In her Separate Opinion in this case, Judge Rosalyn Higgins further spelled out the test for determining whether a particular claim falls within the compromissory clause of a given treaty. In a well-known passage of her Opinion, she explained that:

The only way in which, in the present case, it can be determined whether the claims of Iran are sufficiently plausibly based upon the 1955 Treaty is to accept pro tem the facts as alleged by Iran to be true and in that light to interpret Articles 1, IV and X for jurisdictional purposes - that is to say, to see if on the basis of Iran's claims of fact there could occur a violation of one or more of them.265

230.
The "Higgins test" has often been referred to, with approval, by investment treaty tribunals.266 In this context, arbitral tribunals have sought to establish at the jurisdictional stage whether the "facts alleged [by the claimant] may be capable, if proved, of constituting breaches of the [investment treaty]".267 Other tribunals have used similar formulations.268 The test as circumscribed by Judge Higgins appears uncontroversial between the Parties.269
231.
The Parties, however, disagree on whether the test extends to financial harm and, if so, whether it is met in this respect. In the Tribunal’s view, at the present jurisdictional stage, the Tribunal must be satisfied that the facts alleged by the Claimants if later proven could amount to a breach of an obligation of Part III of the ECT, without need to identify precisely any financial harm suffered. The Tribunal notes that as a general matter damages are not considered as a pre-requisite for state responsibility, except if the obligation not to cause damage is part of the content of the primary obligation breached.

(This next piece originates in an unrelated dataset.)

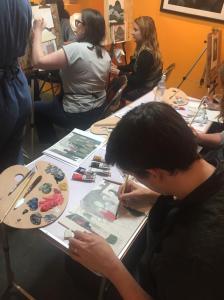 As part of the films release, we were invited to a painting masterclass from Frank Gray, the artist who taught Spall how to recreate Lowry’s distinctive painting style. It was an eye-opening and invaluable experience, really highlighting the difficulty of emulating Lowry’s techniques. We were given a wide variety of his paintings to copy, and while I picked one of the simpler ones, unsurprisingly it’s not as easy as it looks! Gray is an unassuming but incredibly knowledgeable teacher, and as we each picked the paintings we would try and recreate, he talked to us about Lowry’s technique and influences, and provided a great deal of insight into his life and the way his style evolved over time. With this, the film became a much more interesting experience.

This is made clear in the ILC Articles and its commentaries.270 In this particular instance, the Respondent has directed its prima facie objection at FET and legitimate expectations (which, in turn, are generally understood to be a component of FET).271 The Tribunal is of the view that the Respondent has not offered sufficient elements to establish that the primary obligation to provide FET requires financial harm as a constituent element. Therefore, the Tribunal concludes that no such showing is required from the Claimants at this stage.
232.
In light of the foregoing principles, the Tribunal has reviewed the Claimants’ Statement of Claim, and is satisfied that the facts as alleged by the Claimants and taken as true for jurisdictional purposes could, if established, constitute breaches of the FET standard.
233.
The Claimants have contended that RD 661/2007 provided certain investment incentives to qualifying PV installations and, in particular, a fixed, lifetime FIT for all electricity generated. According to the Claimants, RD 661/2007 also provided that any future changes to the FIT would not affect existing investors.272 The Claimants submit that they made their investments relying on these incentives and that they would not have made their investments without them.
234.
According to the Claimants, once the investment was made and Spain was receiving the benefits of that investment, it withdrew the incentives.273 In particular, they contend that, between late 2008 and early 2011, Spain took a series of actions which fundamentally altered the legal framework of the Claimants’ investment. RD 1565/2010 allegedly first limited the right of PV installations to receive the FIT to the first 25 years of the installations’ existence. The subsequent RDL 14/2010 allegedly cut the FIT by limiting the number of operating hours in which the FIT was available to installations registered under RD 661/2007.274 The Claimants argue that the Spanish authorities have subjected the Claimants to a "rollercoaster ride" of changes to the framework of their investment, thereby frustrating their legitimate expectations.275
235.
The Tribunal finds that, taking the facts as alleged by the Claimants as pro tem true for the purposes of the present jurisdictional analysis, Spain's measures could, if proven, constitute breaches of the FET pursuant to Article 10(1) of the ECT.
236.
It goes without saying that it is only at the merits stage that the Tribunal will assess whether the facts alleged are established and whether the claims are well-founded in law, i.e., whether Spain's acts constitute breaches of the ECT.276 At this stage, the Tribunal does not make - nor is in the position to make - any findings in this respect.
237.
Even if, contrary to what the Tribunal has held, the Respondent had proven that financial harm is a constituent element of the FET standard, the Tribunal is of the view that at this stage the Claimants would merely be required to make an allegation of harm, without having to set out comprehensively, let alone prove, their entire case on damages. In the Tribunal's view, this burden of allegation would have been met by the Claimants which, in both their pleadings and the accompanying expert report, have made sufficient allegations of harm. The indication of a precise numerical figure is immaterial in this respect.
238.
For the foregoing reasons, the Tribunal rejects the Respondent's fourth jurisdictional objection.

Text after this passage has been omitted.